# Homomorphism of Rings from Composition of 2 Ring homomorphisms.

I would like to know if this proposition is true or not.

$\textbf{Proposition:}$ Suppose there exist a ring homomorphism $\varphi:R \rightarrow R'$ and another ring homomorphism $\phi:R'\rightarrow R''$, where all $R,R',R''$ are rings. Then, there exist a ring homomorphism $\xi : R \rightarrow R''$ s.t. $\xi= \phi \circ \varphi$ is composition function.

Proof:

Let $r_1,r_2 \in R; \; r_{1}^{'},r_{2}^{'} \in R' \text{ and } r_{1}^{''},r_{2}^{''} \in R''$ s.t.

$\varphi (r_1)=r_{1}^{'} \; ; \varphi (r_2)=r_{2}^{'} \; ; \phi (r_{1}^{'})=r_{1}^{''} \; ; \phi (r_{2}^{'})=r_{2}^{''}$

Then, $$\begin{split} \xi(r_1+r_2) &= \phi ( \varphi (r_1+r_2) ) = \phi ( r_{1}^{'} + r_{2}^{'} ) = r_{1}^{''} + r_{2}^{''} = \phi ( \varphi (r_1) )+\phi ( \varphi (r_2) ) =\xi(r_1)+\xi(r_2) \end{split}$$

for the multiplication, $$\begin{split} \xi(r_1r_2) = \phi ( \varphi (r_1r_2) ) = \phi ( r_{1}^{'} r_{2}^{'} ) = r_{1}^{''} r_{2}^{''} = \phi ( \varphi (r_1) ) \phi ( \varphi (r_2) ) =\xi(r_1) \xi(r_2) \end{split}$$

and for the unit element in $R$,

Then, $$\begin{split} \xi(1_{R}) &= \phi ( \varphi (1_{R}) ) = \phi ( 1_{R'} ) = 1_{R''} \end{split}$$

Hence, $\xi$ is a ring homomprphism.

Doubt:

1) Is the proof right?

2) If this is right, is this (i.e. $\xi$) the unique ring homomorphism? I have no idea of how to prove uniqueness result if it's true.

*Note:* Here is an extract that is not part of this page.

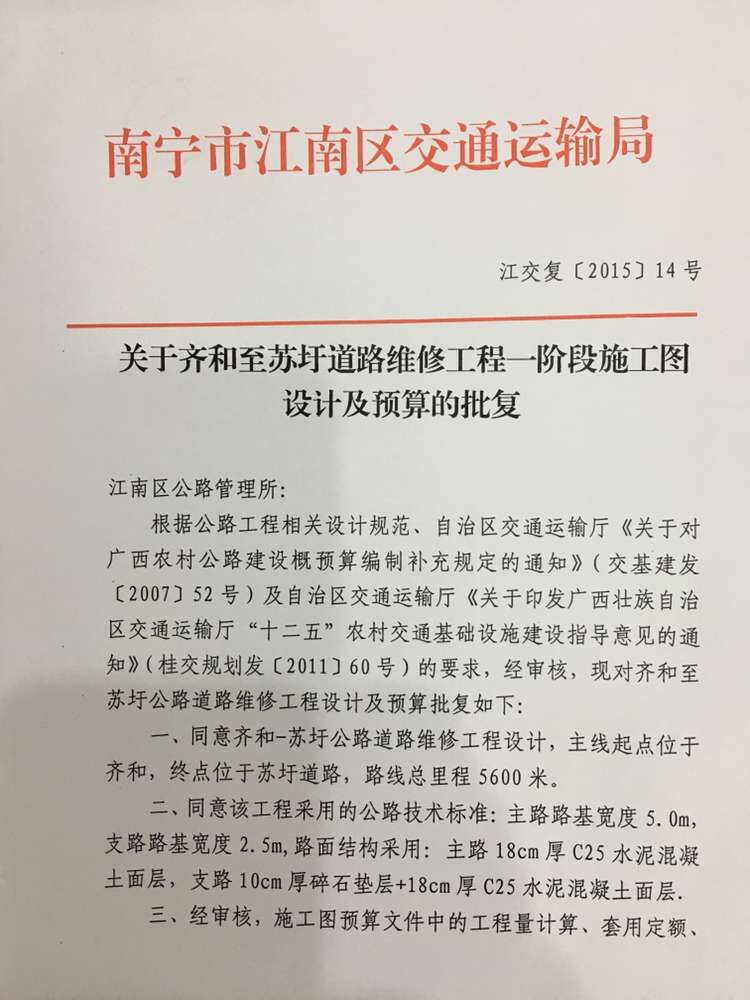 关于齐和至苏圩道路维修工程一阶段施工图设计及预算的批复

Your question on uniqueness exhibits a slight misunderstanding. Actually the second sentence of the proposition is written awkwardly. It should read: Then the composition function $\xi= \phi \circ \varphi$ is a homomorphism $\xi : R \rightarrow R''$.